During the thick of these events, we didn’t know which way was left. It was also hard to implement a forward-looking strategy that could adapt to the fast-changing landscape. Enter the Stockdale Paradox.
This easy-to-reference lesson holds one global truth that can be reframed as an action-step for success during trying times: When things seem impossible, never doubt that you will triumph. “You must never, ever, ever confuse, on the one hand, the need for absolute, unwavering faith that you can prevail despite those constraints with, on the other hand, the need for the discipline to begin by confronting the brutal facts, whatever they are,” as Stockdale eloquently relayed to Collins.
To put the Stockdale Paradox into action for your particular business, grab your favorite writing utensils. Allot no less than 30 minutes for this exercise. At the top of your page, assert what your situation will look like when you prevail. Remember, the key here is to have unwavering faith that you will triumph. Try to be as concise as possible, but don’t linger on the details, a short paragraph will suffice.

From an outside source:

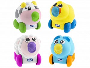 Коллекция GoGo Music - четыре маленьких забавных зверька из пластика (корова, овечка, кролик, уточка) удобно ложатся в руку, форма способствует оттачиванию первых движений ребенка. Разблокировав колесики игрушки, просто подтолкните ее и вы услышите приятную мелодию и звуки.Доставка
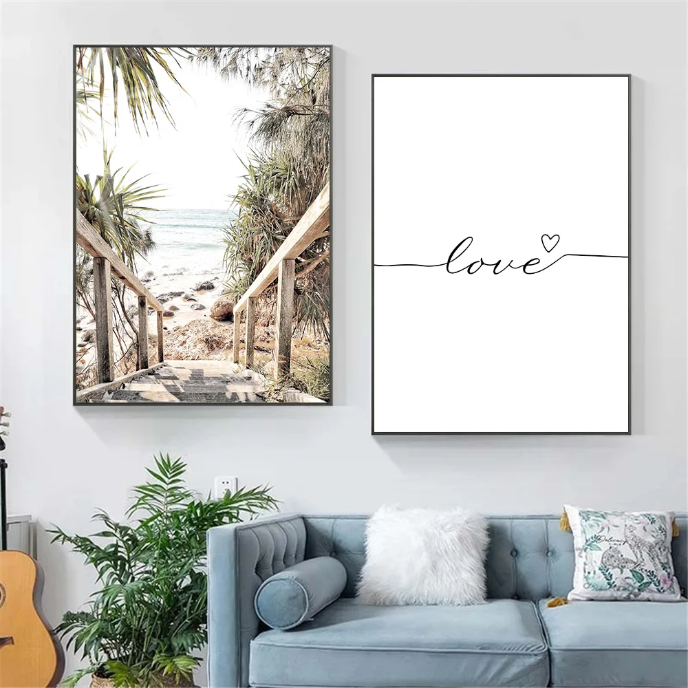 Пляжная Настенная картина с кокосовым деревом, постер, летние пейзажи, путешествия, художественные принты, любовь, цитаты, Картина на холсте, скандинавские картины, домашний декор

After you’ve asserted the position you want to find yourself in after the chaos, draw columns below that statement. The column headers should list the brutal facts about your current situation. Don’t soften the picture. The more candid your column titles, the more likely you are to create action steps that clearly map a way forward. After you’ve dumped all the negatives at the top of those columns, create short and simple bullet points that help chip away at solving each issue.
I’m not asking you to figure out a formula for solving your biggest headache, but simply include bullets that will help you get one foot in front of the other. For instance, if wayward finances are a concern, don’t jot down how you will solve the full conundrum. Instead, include a few bullets on resources that can help further educate yourself financially. You may also want to include bullets that list who in your network has skills that can help you in that area. You may want to make a bullet that asks you to call an old friend who now works in finance or an uncle who is a retired CFO. As you go about your day, try to cross off as many bullets as possible. Don’t stress about getting to it all in 24 hours; take your time.
After a week of putting one foot in front of the other and crossing off each small bullet, repeat the same exercise from square one. Don’t rush when rewriting your assertion at the top of your new page for the week. You need to see it, write it, repeat it and ultimately believe it to come true. The exercise of confronting the brutal facts but keeping a positive outlook within that frame of reality will go a long way. Many businesses have died at the hands of 2020, and many more will continue to do so as the year progresses. You don’t have to be one of them. The Stockdale Paradox will get you to the other side, but only if like Admiral Jim Stockdale, your conviction is steadfast.